Friday, February 6, 2009

The Artist in Me...and You

I always loved art class. Fortunately I grew up the 60s (there you have it…I am old in the blog world but very proud to be this age…I had to work hard to get here and would never want to be 20 again). Most of my art teachers in high school and middle school (the 70s) had come through Woodstock and Peter Max and the Beatles. What a privilege this was to work with art teachers (who the other teachers thought were a little wonky) who really understood that creativity will come out of everyone in the right environment. The more one liberates themselves to embrace that creativity, the more rapid the growth in our brain and very soul to not only find creative solutions but to express them.

Being pegged as the dreamer type of kid who liked art and reading, I had the privilege to like what I wanted because artists and dreamers don’t seem to be on a fast track, and we seem to resist being corralled. Most people don't think we will make much of anything in the world; so we are (for the most part) left to our own means. Relatives and friends keep pushing us to do something constructive with our time and our hands. Mind you, I learned how to sit in my seat, not be seen and try to stay out of the teachers’ radar (all likely reasons I became a teacher myself as a need to free those creative souls in the world). And I enjoyed my years as a teacher immensely. I wasn't big on a lot of rules. My biggest peeve rule was teachers who expect kids to ask to go to the bathroom. I always told the kids if you have to go to the bathroom...don't ask my permission....just go. So suffice it to say, I loved the other teachers who taught me how to bring out the big ideas in kids and help them find the biggest dreams and visions. See my p.s. at the end of this blog and you will get an idea of the kind of teacher I am....that's the kind of person I am.

In art class, I learned color theory not in a dry way but rather by painting and listening to my art teachers lavish over curious color explorations. I was especially drawn to pop art and studies of shapes. When I was a kid, I wanted to be an author and illustrator. I remember writing a book when I was around 7 that I was so very proud of. I showed it to my teacher who taught me the word plagarism—big word for a little kid but I got the picture real fast. Indeed, the book was written about a cartoon I had seen. While it didn’t stop me from writing or drawing, it made an indelible impact on my life as far as observing and respecting the creative efforts of others.

So, why didn’t I become an artist? My real dream growing up was to move to Paris and live in a flat and be an artist and roam the streets studying great artwork. I don’t have real knowledge of any of this but I suppose someone told me Paris was the place to be if you're an artist. Or maybe I was affected by the guys wearing the beret and the paint palette on their hand in the cartoons (see a pattern here?!). Have you ever seen the movie “Christmas Story” where the kid is told he can’t have a bb gun because he’ll shoot his eye out…I suppose that is what happened to my dream of being an artist? It didn’t seem like a logical way to support myself and I knew I had to do that (a very clear message since I wouldn’t likely ever want someone else to support me).

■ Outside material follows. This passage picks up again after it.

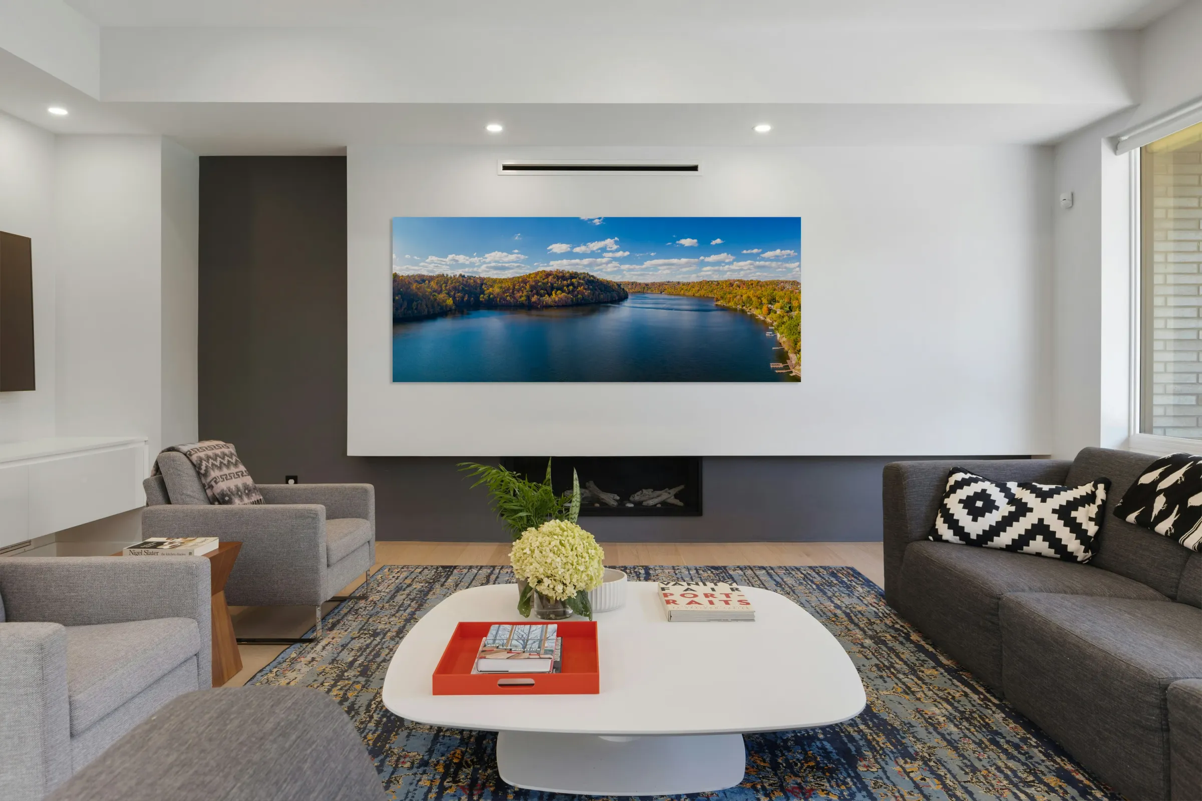 Aerial panorama of fall colors on Cheat Lake Morgantown WV with Picture Frame Printing

Now before you get sad for me, let me tell you that I enjoy the most creative life and always have even though I didn’t get to Paris or have a degree in art history and a minor in painting. I have had the privilege of expressing my creativity in finding creative solutions and interspersing whimsy and inspiration in every walk I have had the privilege of journeying.

But the best part is I now play in a medium that has all kinds of flexibility and expression…FABRIC!! Recently, we got the trunk show from Blue Underground. Talk about an explosion and exploration of color. What a fun time this has been to study these quilts. Some of them I like to call two-steps. Taking two complementary colors and matching them singularly. Then there are the ones that do a bit more of a color dance. And some throw all abandon to the wind.

They were so inspiring that I finally bought myself a couple of bundles of batiks that have been crying out for creation. I made Modern Thinking and then took the leftovers and made up Circus. These are my sun room quilts….comforting and the colors of nature. I love it, love, love it. Some days I just wander around to the corner where they are displayed at Pine Needles just to stroke and enjoy them.

The designers of Blue Underground are brave and inspiring. An artist knows they really have reached the viewer when the viewer launches off and expressees themselves in their creative venue. Perhaps that is why sewing is contagious and so affecting to so many of us!

All the Best to You

p.s. This last note is tribute to a quilt after my own heart. See the back of the Jester's Court quilt. Black and white....fabulous finish to a bright expression. I think if I were a quilt, this is the quilt I would be....a clear and concrete side and a playful side. But even the clear and concrete side of my life is whimsy and play.